Many patients were reportedly unaware of the dispute until the deadline passed, leading to confusion and concern about upcoming appointments and scheduled procedures. The situation underscores the complex and often opaque nature of healthcare negotiations that directly affect patient access to care.
The Broader Trend of Provider-Insurer Disputes
The breakdown between Ascension Wisconsin and UnitedHealthcare is not an isolated event. Across the United States, similar contract disputes between large hospital systems and major insurance companies have become more common. These conflicts often stem from the same fundamental issue: rising healthcare costs.

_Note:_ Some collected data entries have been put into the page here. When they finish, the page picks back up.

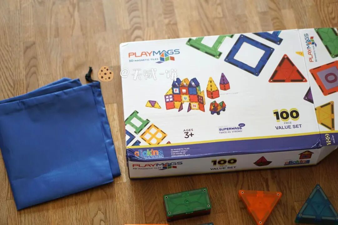 Playmags和大部分品牌的彩窗磁力片兼容,如果你家有了其它彩窗,觉得不够玩,可以补个仓。彩窗和框架大概率不兼容,当然它们也不重复,玩法不同,玩的体验也不同,是完全不同的两种玩具。如果你家有框架磁力片,再入一套彩窗一点都不过分,如果你队友觉得过分,你让他来给我留言,我来教育他。最大的槽点就是包装盒,盒子里面也没个隔断保护啥的,所有磁力片都叠放在一个空间里。收到磁力片后,你先检查一下,如果还没玩表面就有划痕,肯定是运输过程中造成的,这种情况请直接找店铺客服,免费更换。包装盒可以直接扔掉了,盒子是侧开的,没有收纳功能,里面配的收纳袋也挺丑的。![]()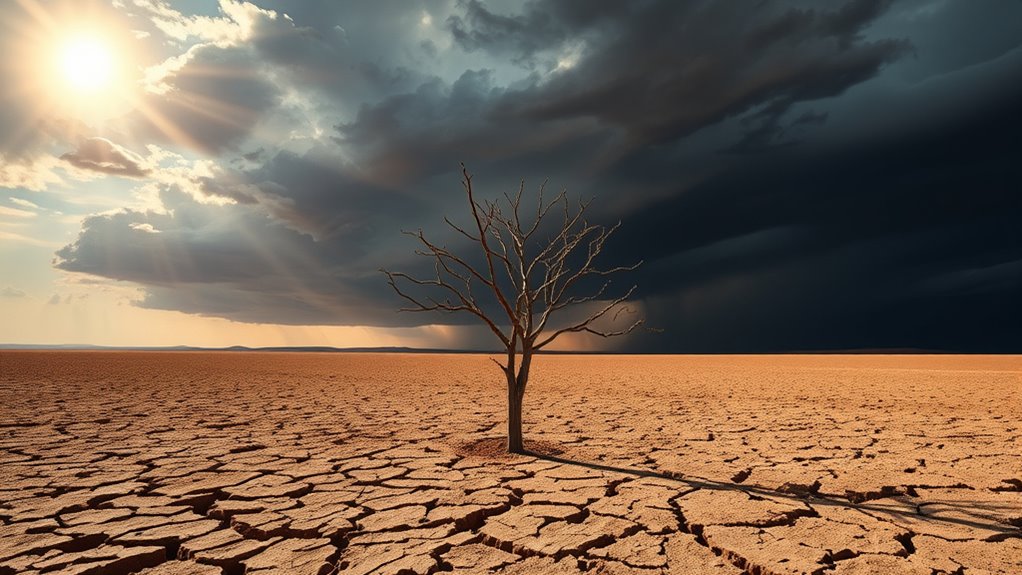 Extreme weather can cause long-term health hurdles, harming your heart, lungs, and mental health. You might struggle with anxiety or depression from constant climate crises, while poor air quality worsens respiratory issues. Over time, these issues can lead to chronic conditions, creating a cycle of suffering. Staying informed, supporting climate action, and protecting mental and physical health become essential to weather the relentless ripple effects of extreme weather.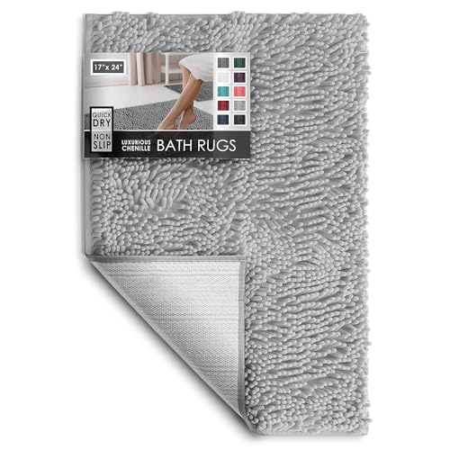 Hearth & Harbor Bathroom Rugs, Chenille Bath Mat - Machine Washable Bath Mats for Bathroom Non-Slip Backing Rubber, Quick Dry Bathroom Mat, Small Grey

Hospitals and providers argue that they need higher reimbursement rates from insurers to cope with inflation, labor shortages, and the increasing cost of medical supplies and technology. They point out that while their operational costs have soared, insurer profits have remained strong.
Insurers, on the other hand, argue that they must keep costs down to prevent insurance premiums from becoming unaffordable for employers and individuals. They often claim that large hospital systems leverage their market power to demand rates that are well above competitive levels.
Ultimately, when these negotiations fail, patients are the ones who suffer the most immediate consequences. They are forced to either pay more for their care or sever relationships with trusted medical providers. While both Ascension and UnitedHealthcare state they remain open to further discussions, it is unclear if or when an agreement will be reached.